Exporting and Importing Entries

Export cache entries to files for backup, migration, or sharing. Import entries from files into a cache:

from pathlib import Path
from causaliq_core.cache import TokenCache
from causaliq_core.cache.compressors import JsonCompressor

# Export entries to directory
with TokenCache("my_cache.db") as cache:
    cache.set_compressor(JsonCompressor())

    # Export all entries to directory
    # Creates one file per entry: {hash}.json
    count = cache.export_entries(Path("./export"))
    print(f"Exported {count} entries")

# Import entries from directory
with TokenCache("new_cache.db") as cache:
    cache.set_compressor(JsonCompressor())

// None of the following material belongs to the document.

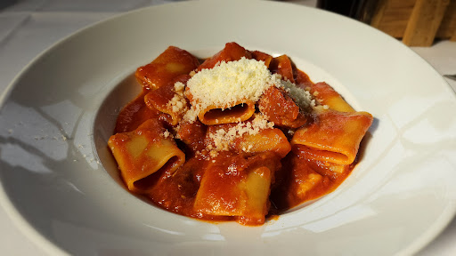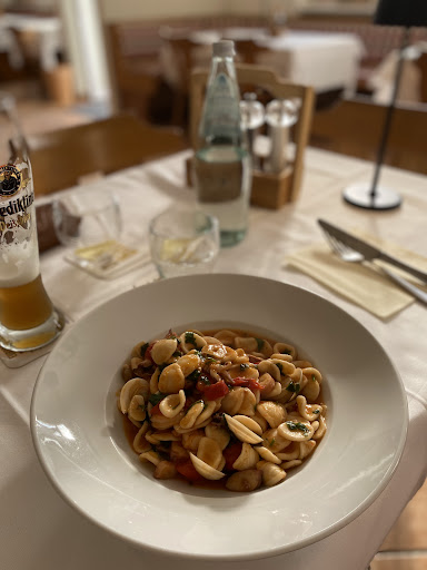 Die Speisen waren zwar qualitativ hochwertig und abwechslungsreich (nicht die üblichen Spaghetti Carbonara oder Bolognese), aber mit einigen Schwächen. Beispiel: Die Orecchiette mit Tomatensoße, Salsiccia und Rucola, Parmesan. Tomatensoße war sehr, sehr Salz arm und etwas säurig. Kompensiert aber mit frischen, süßen Datteltomaten. Die Salsiccia war ohne Röstaromen und fast roh. Ich kenne dieses Gericht mit scharf angebratener Salsiccia mit einem ordentlichen Schuss Rotwein, die dann entweder in den Teller mit Nudeln hinzugegeben wird. Oder die gekochten Nudeln mit Tomatensoße werden zum Schluss in die Pfanne mit Salsiccia gegeben und kurz geschwenkt. So aber hat die Salsiccia wie gekocht geschmeckt. Außerdem habe ich den Rucola roh auf den Nudeln als Garnitur erwartet. Sie wurden aber wohl in der Tomatensoße gekocht und waren somit labbrig und haben viel vom intensiven Geschmack verloren. Der Parmesan hat sich als ein Löffel geriebener Parmesankäse herausgestellt, der lieblos auf den Nudeln auf 2 cm Umkreis regelrecht geworfen wurde. Hier habe ich kleine Parmesanstücke (Scaglie) erwartet. Auf Anfrage gab es immerhin eine volle Dose geriebener Parmesankäse auf den Tisch. Am meisten enttäuscht war ich allerdings vom selbstgemachten Tiramisu. Er hatte optisch und geschmacklich nichts mit Tiramisu nach original italienischem Rezept zu tun. Die Löffelbiskuits waren gestapelt wie offene Holzbalken, wie man bei Holzhäusern sieht. Und dazwischen war keine Mascarpone-Creme, sondern einfach nur Schlagsahne mit Amaretto Geschmack und Kakaopulver. Für 6,90 € kann man ein echtes Tiramisu erwarten.

    # Import all .json files from directory
    # Uses filename (without extension) as hash key
    count = cache.import_entries(Path("./export"))
    print(f"Imported {count} entries")

Export behaviour:

  • Creates output directory if it doesn't exist
  • Writes each entry to {hash}.{ext} (e.g., abc123.json)
  • Uses compressor's export() method for human-readable format
  • Returns count of exported entries

Import behaviour:

  • Reads all files in directory (skips subdirectories)
  • Uses filename stem as hash key (e.g., abc123.json → key abc123)
  • Uses compressor's import_() method to parse content
  • Returns count of imported entries

API Reference

TokenCache

TokenCache(db_path: str | Path)

SQLite-backed cache with shared token dictionary.

Attributes:

  • db_path

    Path to SQLite database file, or ":memory:" for in-memory.

  • conn (Connection) –

    SQLite connection (None until open() called or context entered).

Example

with TokenCache(":memory:") as cache: ... cache.put("abc123", b"hello") ... data = cache.get("abc123")

Parameters:

  • db_path

    (str | Path) –

    Path to SQLite database file. Use ":memory:" for in-memory database (fast, non-persistent).

Methods:

  • open

    Open the database connection and initialise schema.

  • close

    Close the database connection.

  • transaction

    Context manager for a database transaction.

  • table_exists

    Check if a table exists in the database.

  • entry_count

    Count cache entries.

  • token_count

    Count tokens in the dictionary.

  • list_entries

    List all cache entries with metadata.

  • total_hits

    Get total cache hits across all entries.

  • get_or_create_token

    Get token ID, creating a new entry if needed.

  • get_token

    Get token string by ID.

  • set_compressor

    Set the compressor for automatic data compression.

  • get_compressor

    Get the current compressor.

  • has_compressor

    Check if a compressor is set.

  • put

    Store a cache entry with collision handling.

  • get

    Retrieve a cache entry and increment hit count.

  • get_with_metadata

    Retrieve a cache entry with its metadata.

  • exists

    Check if a cache entry exists.

  • delete

    Delete a cache entry.

  • put_data

    Store data using the registered compressor.

  • get_data

    Retrieve and decompress data using the registered compressor.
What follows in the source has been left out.